Conversamos así hasta el primer sitio


que desde el risco el otro valle muestra,


si hubiese allí más luz, todo hasta el fondo.


Cuando estuvimos ya en el postrer claustro

de Malasbolsas, y que sus profesos

a nuestra vista aparecer podían,


lamentos saeteáronme diversos,


que herrados de piedad dardos tenían;


y me tapé por ello los oídos.


Como el dolor, si con los hospitales


de Valdiquiana entre junio y septiembre,


los males de Maremma y de Cerdeña,


en una fosa juntos estuvieran,


tal era aquí; y tal hedor desprendía,


como suele venir de miembros muertos.


Descendimos por la última ribera


del largo escollo, a la siniestra mano;


y entonces pude ver más claramente


allí hacia el fondo, donde la ministra


del alto Sir, infalible justicia,


castiga al falseador que aquí condena.


Yo no creo que ver mayor tristeza


en Egina pudiera el pueblo enfermo,


cuando se llenó el aire de ponzoña,


pues, hasta el gusanillo, perecieron


los animales; y la antigua gente,


según que los poeta aseguran,


se engendró de la estirpe de la hormiga;


como era viendo por el valle oscuro


languidecer las almas a montones.


Cuál sobre el vientre y cuál sobre la espalda,


yacía uno del otro, y como a gatas,


por el triste sendero caminaban.


Muy lentamente, sin hablar, marchábamos,


mirando y escuchando a los enfermos,


que levantar sus cuerpos no podían.


Vi sentados a dos que se apoyaban,


como al cocer se apoyan teja y teja,


de la cabeza al pie llenos de pústulas.


Y nunca vi moviendo la almohaza

a muchacho esperado por su amo,


ni a aquel que con desgana está aún en vela, 


como éstos se mordían con las uñas

a ellos mismos a causa de la saña

del gran picor, que no tiene remedio;


y arrancaban la sarna con las uñas,


como escamas de meros el cuchillo,


o de otro pez que las tenga más grandes.


«Oh tú que con los dedos te desuellas


se dirigió mi guía a uno de aquellos


y que a veces tenazas de ellos haces,


dime si algún latino hay entre éstos


que están aquí, así te duren las uñas


eternamente para esta tarea.»


«Latinos somos quienes tan gastados


aquí nos ves llorando uno repuso;


¿y quién tú, que preguntas por nosotros?»

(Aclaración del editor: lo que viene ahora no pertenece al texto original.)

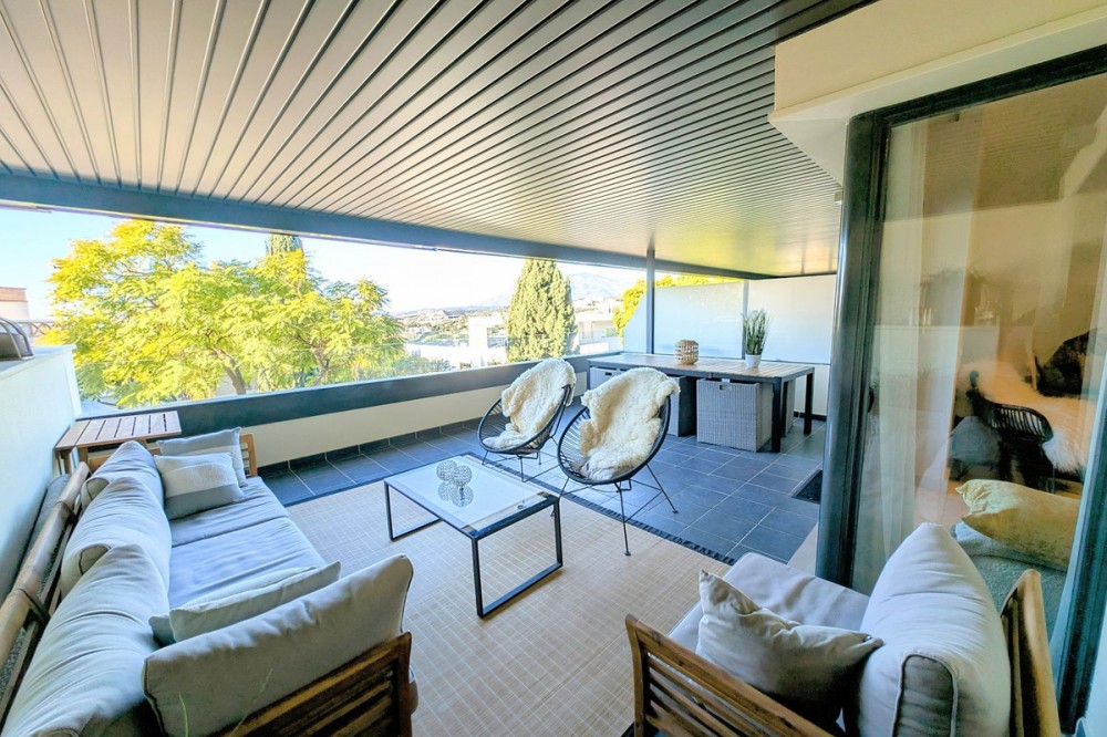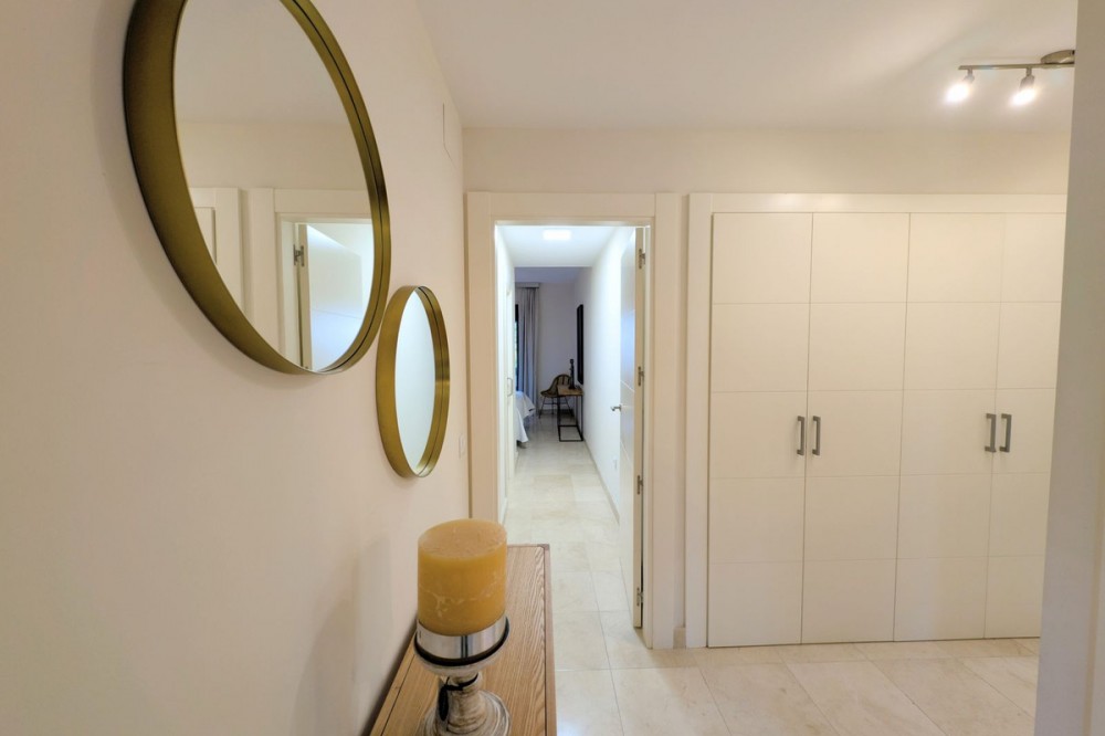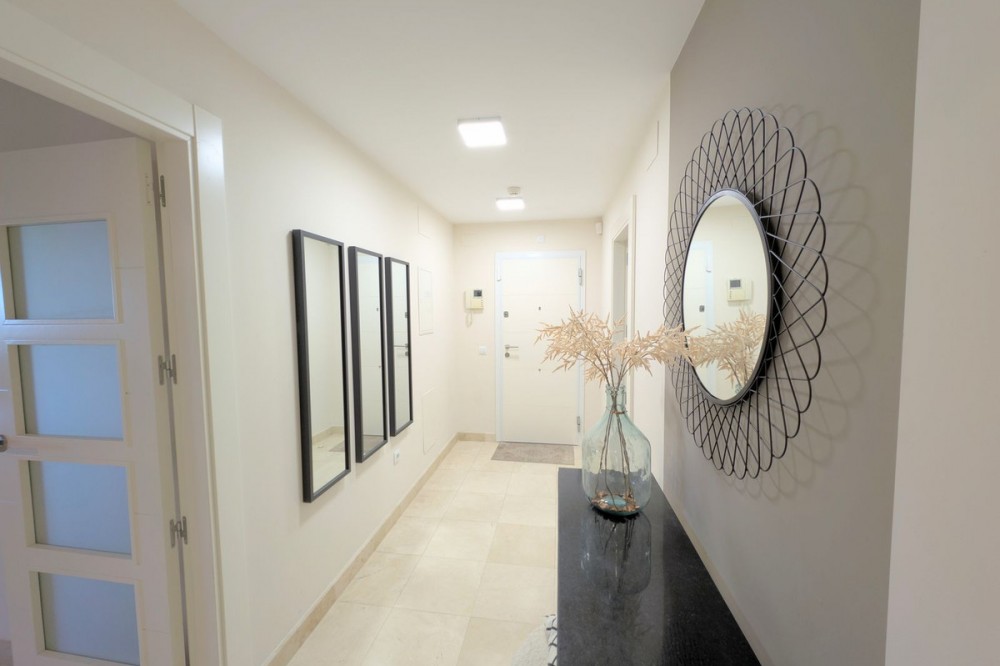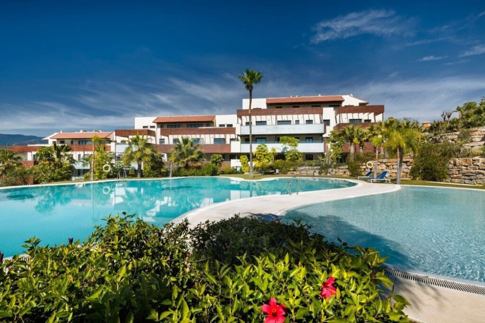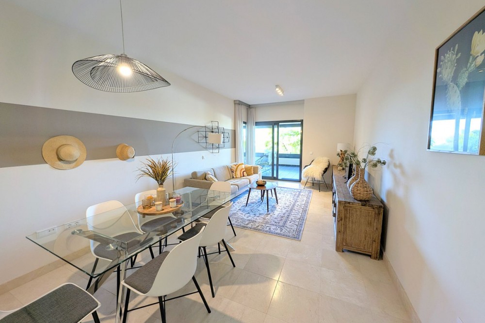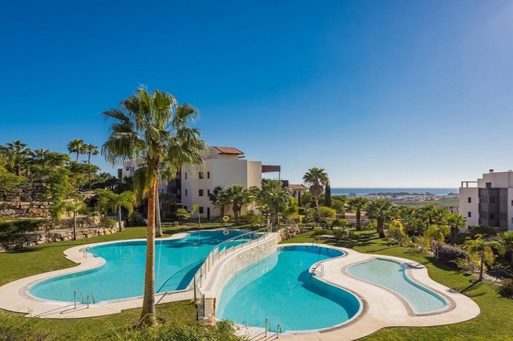 - This beautifully furnished 2-bedroom apartment is located in the prestigious complex of Hoyo 19, within the exclusive Los Flamingos Golf Resort in Benahavis. The apartment offers a perfect blend of comfort and luxury, featuring hot and cold air conditioning, elegant marble floors, and a spacious master bedroom with an en-suite bathroom and fitted wardrobes. The fully fitted kitchen is ideal for preparing meals, and the property includes secure underground parking with direct lift access, providing convenience and privacy. The apartment boasts a large, private terrace with stunning south-western orientation, perfect for enjoying breathtaking views of the coast and the Mediterranean Sea, especially during sunset. Set within a secure, private urbanization, this home is surrounded by beautifully manicured gardens. Residents can enjoy excellent amenities such as two swimming pools, padel tennis courts, a children's playground, and a putting green to perfect your golf skills. With two parking spaces, this apartment offers added convenience and ease of access. Los Flamingos Resort is home to three renowned golf courses and the prestigious Villa Padierna Hotel, Spa, and Beach Club. Just a short drive from Marbella, Puerto Banus, and Estepona, this exclusive address is ideally located close to all local amenities while offering tranquility and privacy.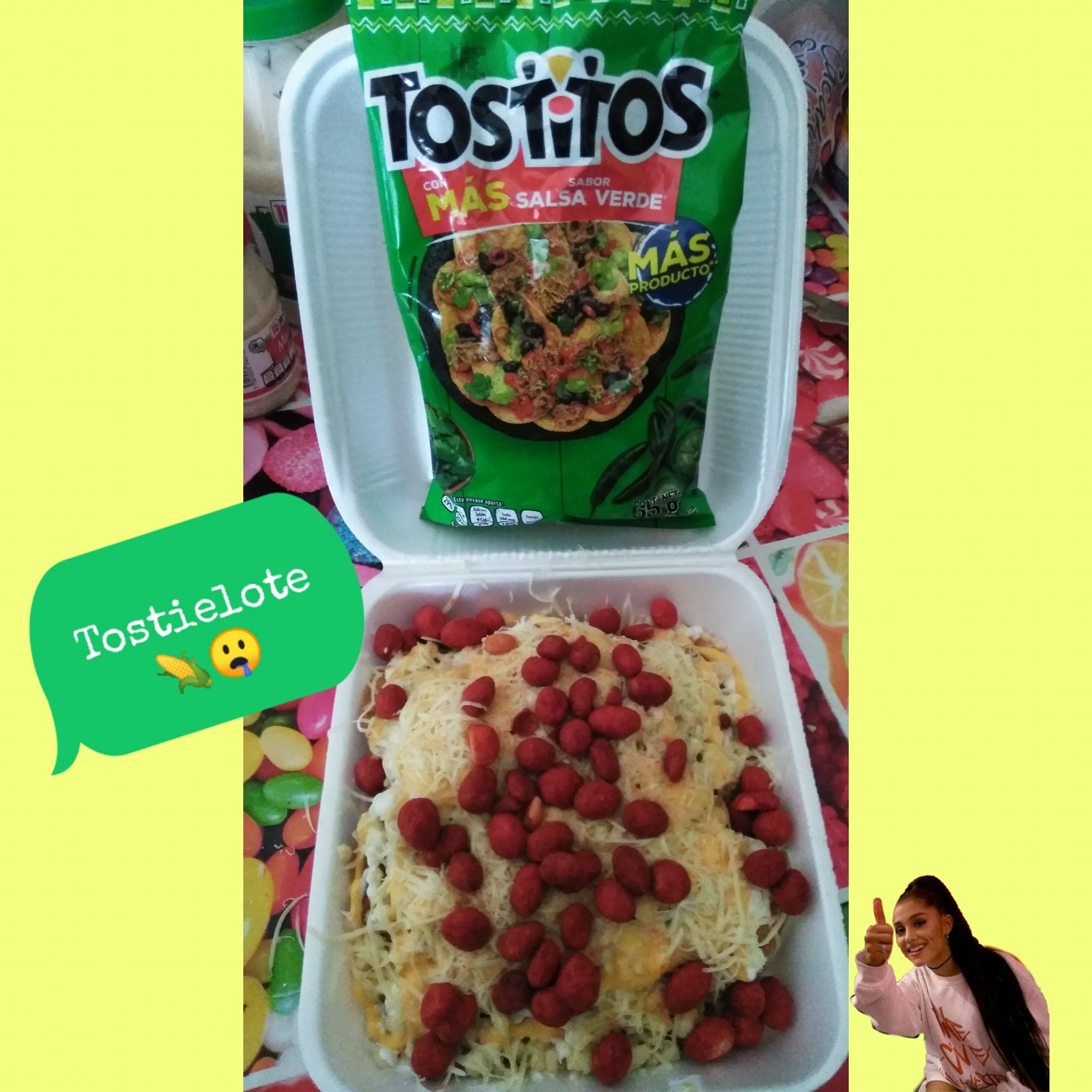 Base de Tostitos con elote, crema, queso para nachos y queso gouda rallado

Y el guía dijo: «Soy uno que baja


con este vivo aquí, de grada en grada,


y enseñarle el infierno yo pretendo.»


Entonces se rompió el común apoyo;


y temblando los dos a mí vinieron


con otros que lo oyeron de pasada.


El buen maestro a mí se volvió entonces,


diciendo: «Diles todo lo que quieras»;


y yo empecé, pues que él así quería:


«Así vuestra memoria no se borre


de las humanas mentes en el mundo,


mas que perviva bajo muchos soles,


decidme quiénes sois y de qué gente:


vuestra asquerosa y fastidiosa pena


el confesarlo espanto no os produzca.»


«Yo fui de Arezzo, y Albero el de Siena


repuso uno púsome en el fuego,


pero no me condena aquella muerte.


Verdad es que le dije bromeando:


“Yo sabré alzarme en vuelo por el aire”


y aquél, que era curioso a insensato,


quiso que le enseñase el arte; y sólo


porque no le hice Dédalo, me hizo


arder así como lo hizo su hijo.


Mas en la última bolsa de las diez,


por la alquimia que yo en el mundo usaba,

me echó Minos, que nunca se equivoca.»


Y yo dije al maestro: «¿Ha habido nunca


gente tan vana como la sienesa?


cierto, ni la francesa llega a tanto.»


Como el otro leproso me escuchara,


repuso a mis palabras: «Quita a Stricca,


que supo hacer tan moderados gastos;


y a Niccolò, que el uso dispendioso


del clavo descubrió antes que ninguno,


en el huerto en que tal simiente crece;


y quita la pandilla en que ha gastado


Caccia d'Ascian la viña y el gran bosque,


y el Abbagliato ha perdido su juicio.


Mas por que sepas quién es quien te sigue


contra el sienés, en mí la vista fija,


que mi semblante habrá de responderte:


verás que soy la sombra de Capoccio,


que falseé metales con la alquimia;


y debes recordar, si bien te miro,


que por naturaleza fui una mona.»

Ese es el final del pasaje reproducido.